“Allez.” Meet at center, parry the head cut, riposte counter-parried, his riposte’s short. Back up, try to get him to overcommit. He’s on to me, staying back. Feint to the arm, doesn’t bite. Step forward, watch — comes under, nips the hand. Dammit. 4-2, need to change my game with this guy.
As she fastened her seatbelt, The Bird noted Double-J made no attempt to even acknowledge his own. When he turned the ignition (immediately reaching over and turning down the volume of his audio deck), she noted how the entire dashboard erupted in a sea of green and red lights, like the Christmas trees in family homes she would visit with her mother over the holidays. The music was unfamiliar but unmistakably blues, the sound enticingly exotic. From this new front-seat perspective, the interior of Double-J’s car seemed like the control panel of a spaceship, ready to take her to unexplored worlds.

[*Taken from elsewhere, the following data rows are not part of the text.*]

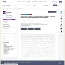 The article is generally reliable and trustworthy in its discussion of the development of solution-processable, optically transparent polyimides with ultra-low linear coefficients of thermal expansion. The article provides a comprehensive overview of the current state of research on this topic, including an examination of the factors influencing the transparency of PI films (chemical structure, physical factors, processing conditions), as well as strategies for achieving excellent combined properties (optical transparency, high Tg, low CTE).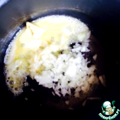 В маленькой кастрюльке растопите кусочек сливочного масла и обжарьте мелко порезанный лук с сушеной зеленью (1 мин).
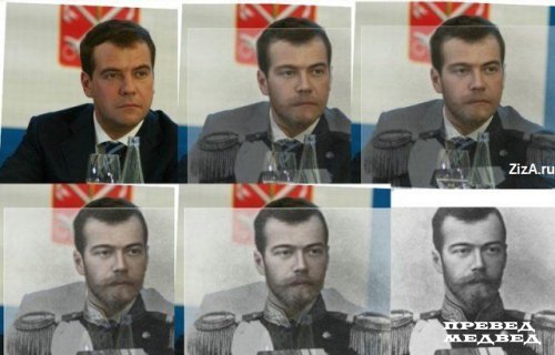 в качестве картинок-иллюстраций Шиза, ну во что вы превратили Медведева, неужели в Николая Второго? |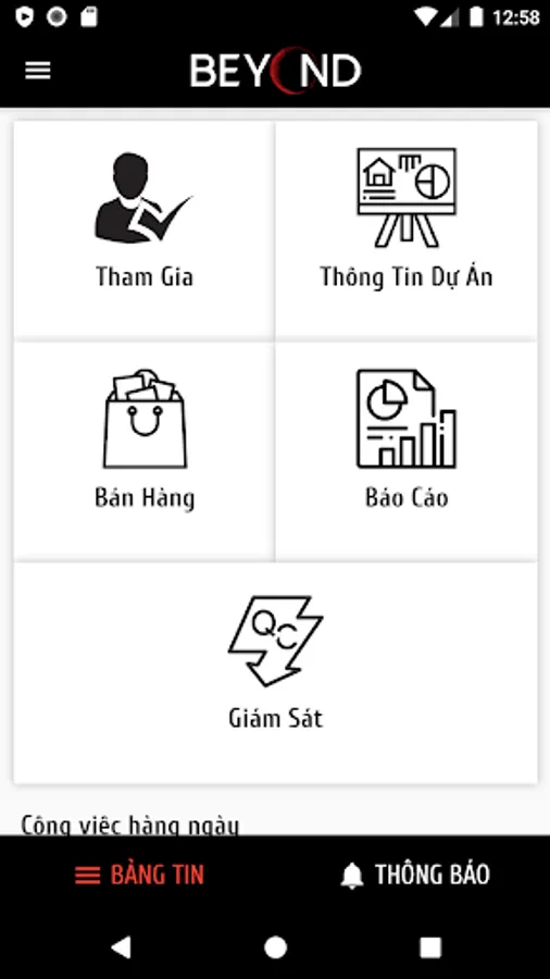 BEYOND ICARE is a multifunctional application for working, supporting, caring and managing personnel exclusively for users assigned or decentralized by BEYOND in BEYOND projects in Vietnam. The application uses phone numbers and email as the platform with the main features: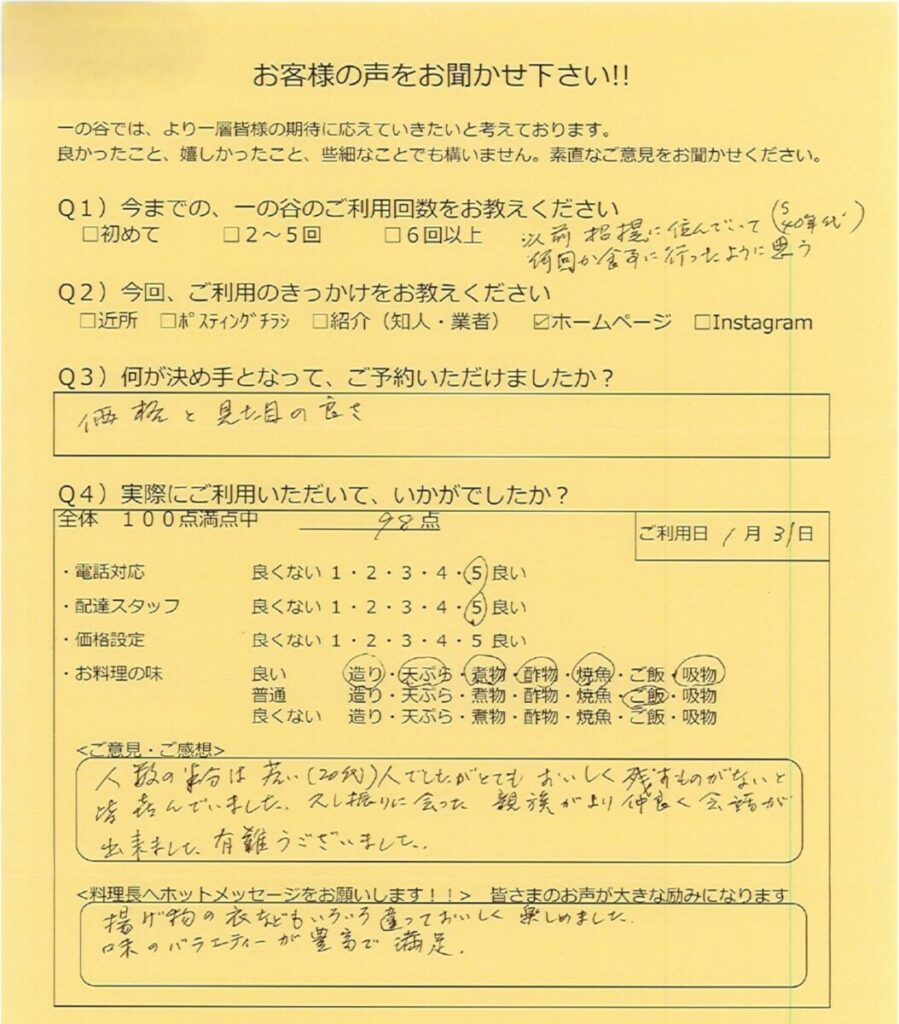 人数の半分は若い(20代)でしたでしたがとてもおいしく残すものがないと皆喜んでいました。久しぶりに会った親族がより仲良く会話ができました。

Double-J twisted, black bristles of hair flying past his right shoulder as he backed the coupe out of its parking space; as he turned forward and shifted into drive, The Bird looked out the window to her right, and saw the man from the pickup getting to his feet, slowly, as if the earth beneath him had suddenly increased the force of its gravity.
As they exited the strip mall, she asked if Double-J really thought the man had been going back to the pickup for his shotgun. Double-J hmmpfed, mouth closed. “Dunno. That other dude hadn’t rushed him, maybe.”
The coupe glided into downtown Bark Bay, the traffic light at the central intersection still operating fully. Double-J turned right, then crossed two streets and took a left onto a county road.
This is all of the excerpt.